Он шел на отвратительный запах гниющей плоти, тошнотворный и марающий своей нечистотой, обволакивающий покрытое потом тело, затекающий в ноздри и под веки. Ноги вязли в этом тлетворном запахе, но Барро продолжал идти, борясь с желанием убежать отсюда, как можно дальше и никогда, никогда не возвращаться. Инквизитор остановился и осторожно повел носом. Запах усиливался, хоть это и казалось невозможным. Однако этот факт свидетельствовал, что он идет в правильном направлении и, судя по интенсивности запаха, его цель была уже совсем близко.

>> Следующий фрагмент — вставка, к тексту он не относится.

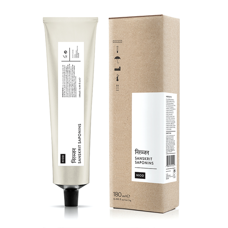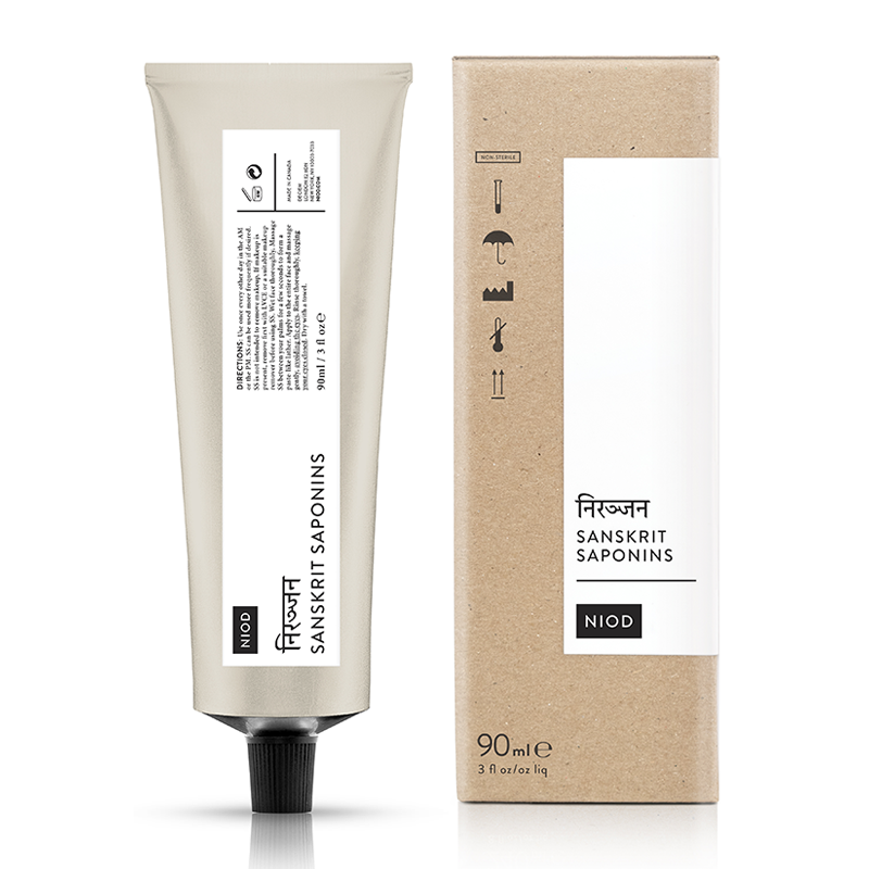NIOD Sanskrit Saponins is a viscous and intense cleaning balm for the face SS is a pH-balanced suspension of the amino acid, Lysine, found in saponins from the Ayurvedic plants shikakai and sapindus mukorossi Plant saponins have traditionally been used to clean the skin well and also clean the surface of dead cells without peeling the skin and removing dirt
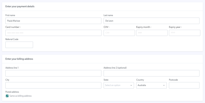 - Scroll down to update your payment details under Card number and Billing address. You can also enter a referral and/or discount code here.
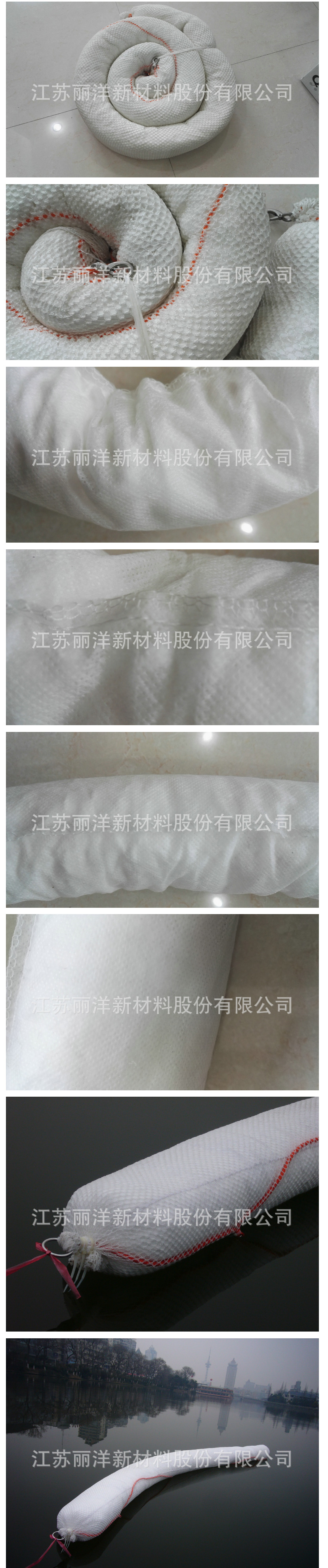 5.由親油性材料制成的吸油柵,內部由超細吸油絮片、纖維混合組成,外有柔性加強網布。通過兩端的活動搭扣,十分方便首尾錯開連接,根據所需長度,依次相連,可覆蓋大面積區域。可以吸附和攔截大面積油污;對于攔截處理水面浮油,防止油污上岸,保護環境效果更佳,可長期數月浮于水面上吸油而不變質、斷裂或下沉。適合內河,湖泊,港口碼頭,排污池水口,污油攔截處理,亦可用于碼頭、沉淀池、污水槽、排水口、或取水口等水體防污、防雜物。可水陸兩用。
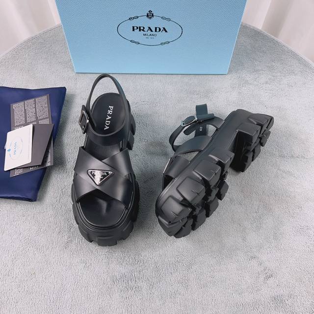 Super Hot Prada Spring/Summer Slip-on Roman Woven Ultralight Platform Rubber Sandals E64. Retro, stylish, and avant-garde slip-on design. The 55mm platform sole paired with a rubber upper makes the shoes lightweight and comfortable. Vibrant colors cater to various styles and fashionistas! The iconic metal triangle logo combined with the vintage beach sandal design ensures every element is on point! Sizes 35-40.
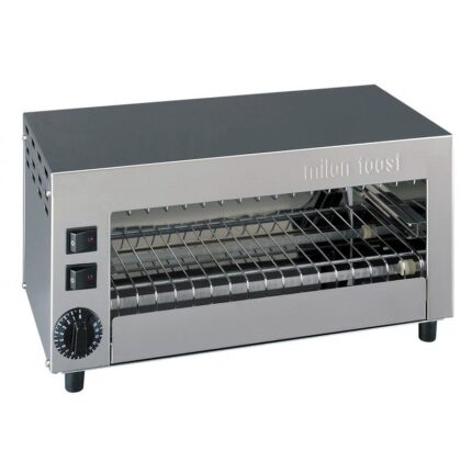 Διαστάσεις 350x410x390(h)mm Ισχύς 2,1 ΚWatt, 220-240V / 50-60Hz Μήκος αλυσίδας 25 cm Χωρητικότητα αλυσίδας 2 φέτες Παραγωγή/h 600 φέτες Μέγιστο ύψος φόρτωσης 5.2 cm Έξοδοι Μόνο εμπρός Κωδικός προϊόντος 18021 Ξεχωριστή ρύθμιση θερμοκρασίας πάνω & κάτω αντίστασης Αποσπώμενο & πλενόμενο συρτάρι Ρυθμιζόμενη ταχύτητα «αλυσίδας» Επιλογέας για ρύθμιση λειτουργίας πάνω-κάτω ή μόνο κάτω Ανοξείδωτες αντιστάσεις Ιδανική για πρωινούς μπουφέδες ξενοδοχείων
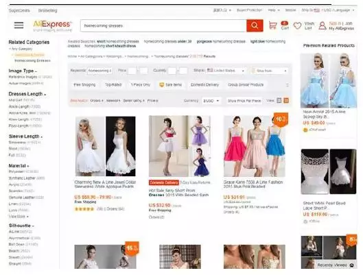如下图,搜索homecoming dress,商品标题中有homecoming dress,在搜索排序中就会有较高的得分。
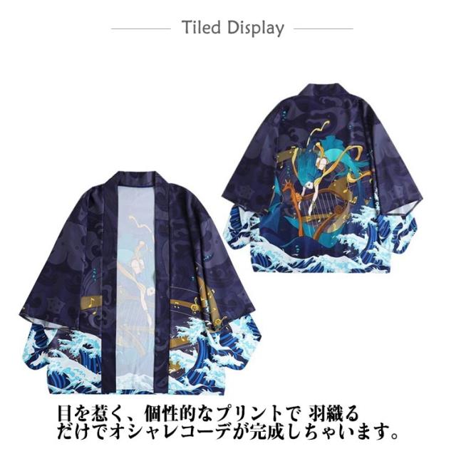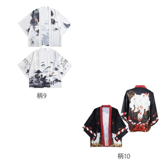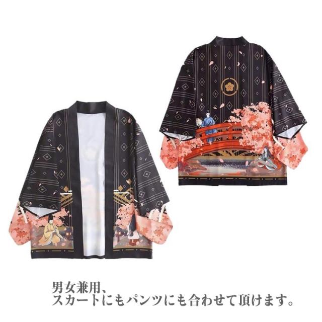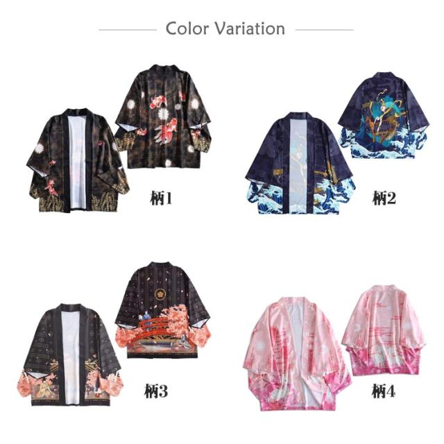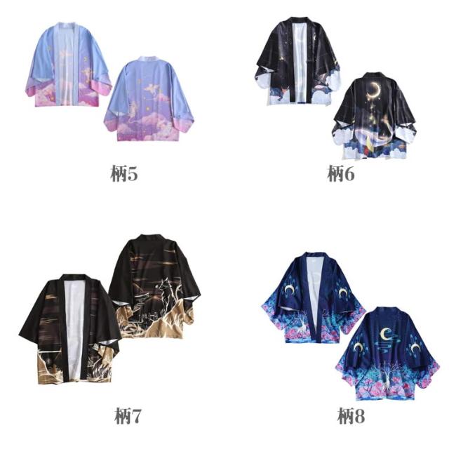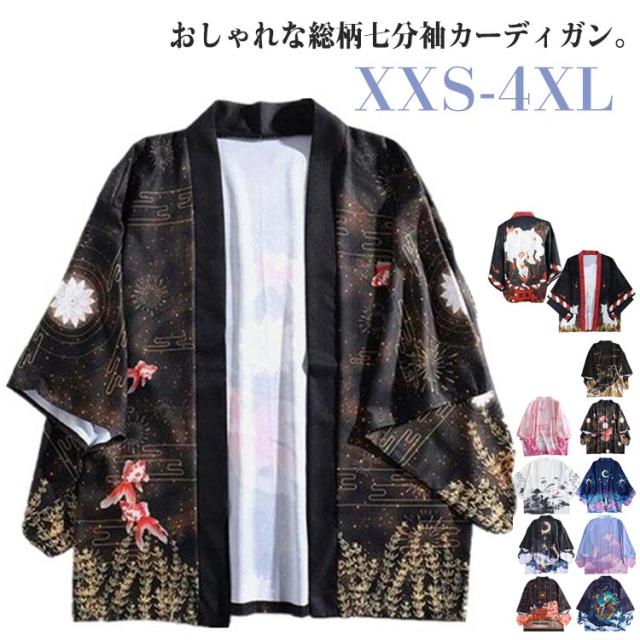 サマーカーディガン 七分袖 カーディガン 和風 サマーカーディガン レディース メンズ 浴衣 ゆったり 開襟シャツ パーカー プリント柄 日焼け止め 冷房対策 紫外線防止 夏祭り 花火大会
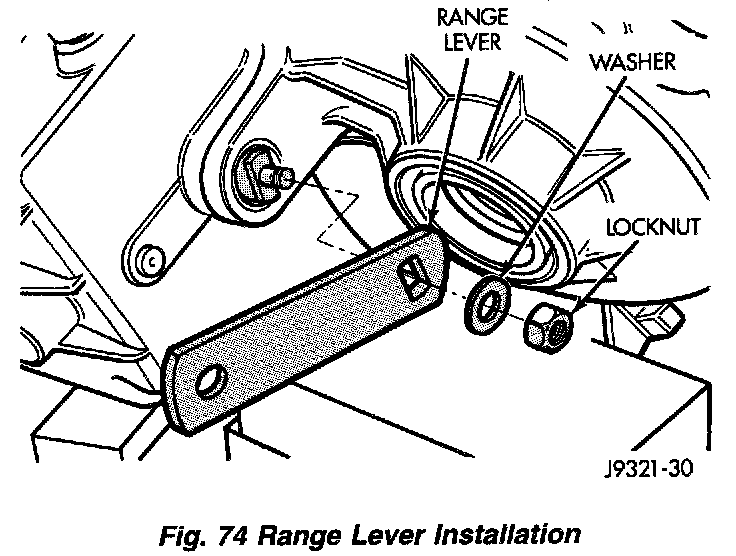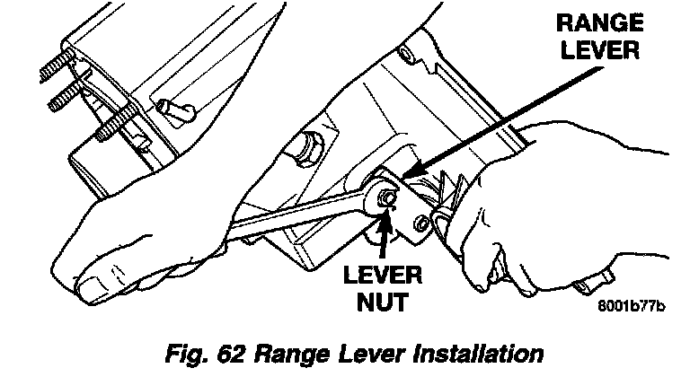 3. Install range lever, washer, and nut on sector shaft. Tighten range lever nut to 27 - 34 Nm (20 - 25 ft. lbs.) torque.
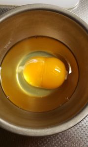 殻を割ったら双子になりかけの黄身が出てきました!!😲
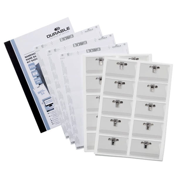 - W skład zestawu wchodzi: 20 identyfikatoroacute;w typu kombi-klip, 3 arkusze z etykietami (12 identyfikatoroacute;w/arkusz)

Барро остановился, переводя дух, с трудом сдерживаясь, чтобы не закашляться. Этого нельзя было допустить. Ни малейшего звука. В противном случае звук смешается с запахом, и его выбросит из призрачного мира в мир реальный. Тогда ему придется начинать свои поиски с начала, а на это уже не хватит ни сил, ни времени. Вспомнив о времени, Барро почувствовал, как у него засосало «под ложечкой». Время было еще одной величиной, которую нельзя было смешивать с запахами и звуками. Величиной сложной и непостоянной, не поддающейся никакому контролю, даже частичному.
В этот момент Алонсо замер, быстро выбрасывая из своего разума все лишнее, заботливо оставляя лишь запах. Путеводную нить, которая должна была его вывести к самому сердцу культа. И его старания увенчались наконец успехом. Запах достиг своего апогея и начал приобретать форму.
Нет, он не стал зрительным образом, но за то время, что Барро изучал и развивал свою способность «читать варп», как говорил его ныне покойный наставник инквизитор Теодор Ренвель, Алонсо научился перекладывать те ощущения, через которые он «читал», на зрительные образы. Это происходило само собой, где-то в глубинах его подсознания, и когда он выныривал обратно в реальный мир, оставались только эти картины. Память о других ощущениях стиралась. Эту способность Барро считал Благословением Самого Императора и не переставал благодарить Его за то, что не помнит всей той мерзости, через которую ему доводилось продираться в своих изысканиях и поисках.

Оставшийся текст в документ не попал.